À ce stade, une évaluation de la fraude aux prestations sociales est réalisée pour les prestations familiales par la CNAF, mais il est plus difficile d'estimer l'ampleur de la fraude sur d'autres prestations. Nous avons identifié que la plupart des erreurs ou des fraudes concernent des prestations sous conditions de ressources. Une façon de lutter contre ce type de fraude est d'utiliser de plus en plus les ressources déjà déclarées à la source, avec les données de salaire fournies par la déclaration sociale nominative (DSN), ainsi que les informations liées au prélèvement à la source et les sommes versées par les autres organismes de sécurité sociale, au lieu de se fonder sur les ressources déclarées par la personne qui demande une prestation, ce qui peut être source à la fois d'erreurs et de fraudes. Ce sont des informations que la Sécurité sociale peut réunir au travers d'une « base ressources ». L'objectif est ensuite de verser les prestations en utilisant ces données sur les ressources et d'éviter ainsi un certain nombre de fraudes. Pour les prestations familiales, ce type de dispositif sera d'abord mis en œuvre pour les allocations logement, mais il pourra également l'être dans un deuxième temps pour le RSA ou la prime d'activité, qui pourront ainsi être mieux sécurisées.

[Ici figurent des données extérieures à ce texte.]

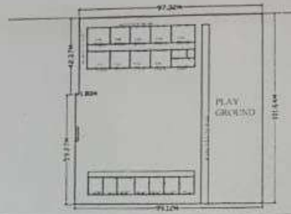
SITE PLAN 1:400
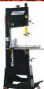
Stallion 14" 1.5 HP Band Saw Reg. Price: $1,399.95
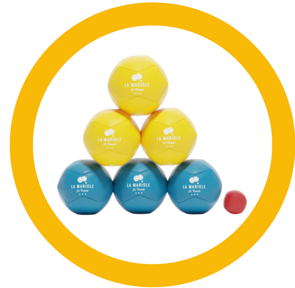
MARCEL PACK Blue & Yellow
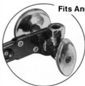
Fits Angle Stop

We have taken the PASCO part numbers 4520 & 4529 and combined them into one tool. The larger forged steel socket "opens" to attach to an angle stop. The smaller forged steel socket "opens" to attach to a 3/8" outlet supply nut.
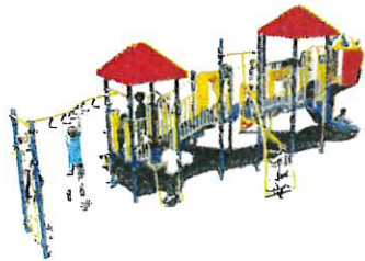
Play Structure (ages 5-12)
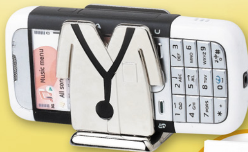
Doctor's Coat Memo /Phone Holder

Le recouvrement au titre de 2018 est un enjeu sur lequel nous devons progresser ; nous le savons. D'ailleurs, dans les conventions d'objectifs et de gestion, nous avons fixé des objectifs croissants de taux de recouvrement. Les redressements notifiés au titre de la lutte contre le travail illégal dépassent 600 millions d'euros, mais on ne recouvre effectivement que 50 millions d'euros. Cela peut être lié au fait que, la conduite des actions de lutte contre le travail illégal se traduisent parfois par la disparition de l'entreprise, et donc du fraudeur qui a été détecté : nous n'avons donc pas forcément la possibilité de recouvrer les sommes. En revanche, nous avons mis en place des outils pour permettre à l'URSSAF de sécuriser le recouvrement des sommes dès le déclenchement de l'opération. Ce taux de recouvrement va donc aller croissant. Je voulais vous apporter les chiffres pour les branches maladie, famille et vieillesse, mais je ne les ai pas sous les yeux.